══ DATA EXCERPTS

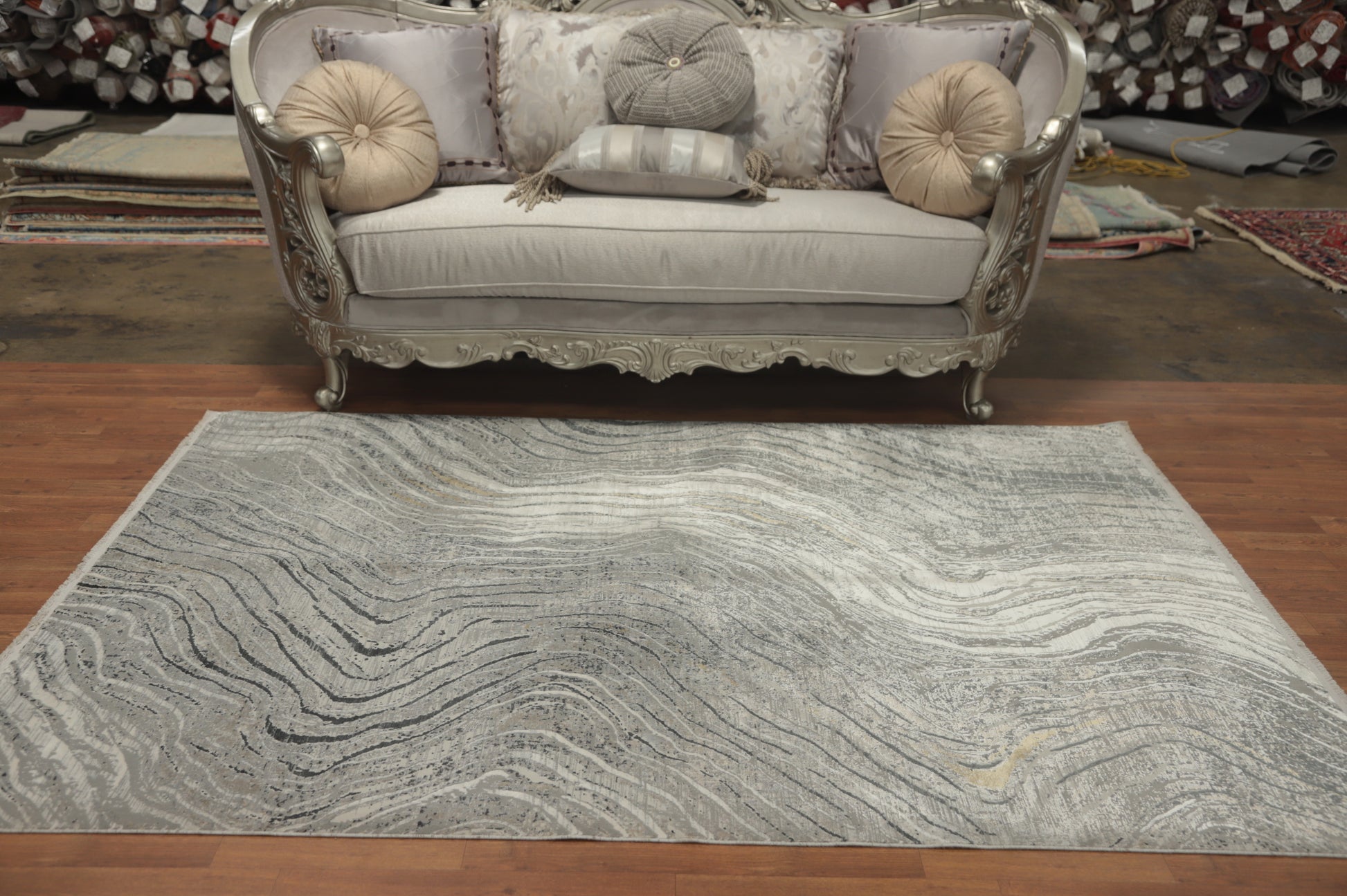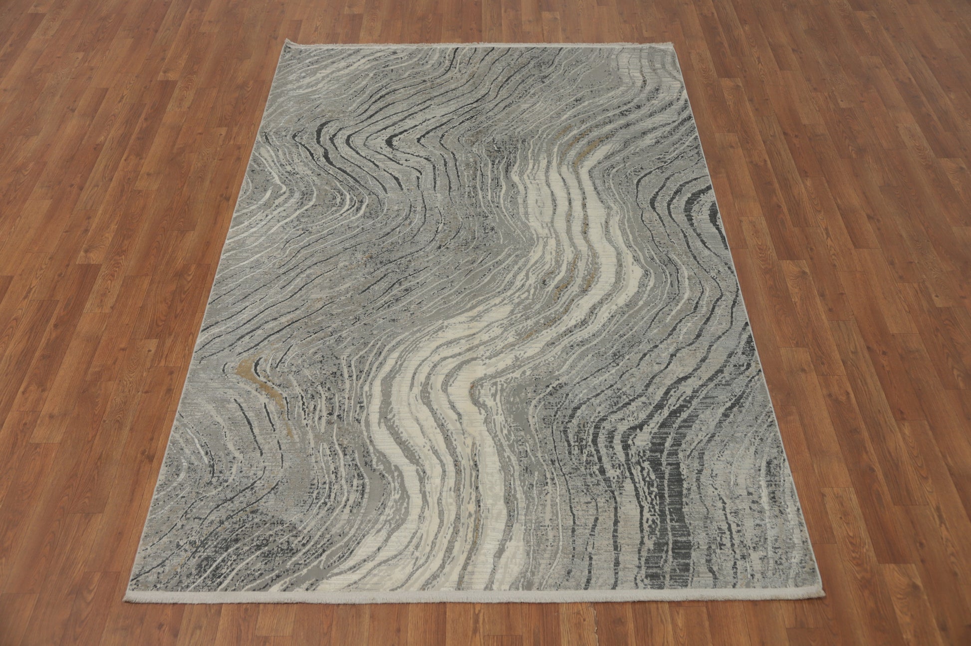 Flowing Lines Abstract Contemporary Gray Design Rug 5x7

════
══ DATA EXCERPTS

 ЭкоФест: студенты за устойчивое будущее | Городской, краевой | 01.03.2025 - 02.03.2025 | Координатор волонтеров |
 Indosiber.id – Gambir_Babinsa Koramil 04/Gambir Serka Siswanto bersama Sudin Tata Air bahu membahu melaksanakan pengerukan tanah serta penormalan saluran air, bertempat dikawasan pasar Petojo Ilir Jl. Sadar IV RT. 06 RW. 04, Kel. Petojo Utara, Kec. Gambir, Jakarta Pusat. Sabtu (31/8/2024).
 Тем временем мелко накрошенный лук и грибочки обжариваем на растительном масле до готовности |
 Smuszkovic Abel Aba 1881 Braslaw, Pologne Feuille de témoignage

════

> **WHAT NEEDS TO BE DONE**
An exact copy of the lines above, from the one containing "Тем временем мелко" down to the one containing "Smuszkovic Abel Aba" and including both, is the whole answer; retype it and nothing else.

> **EXPECTED ANSWER**
 Тем временем мелко накрошенный лук и грибочки обжариваем на растительном масле до готовности |
 Smuszkovic Abel Aba 1881 Braslaw, Pologne Feuille de témoignage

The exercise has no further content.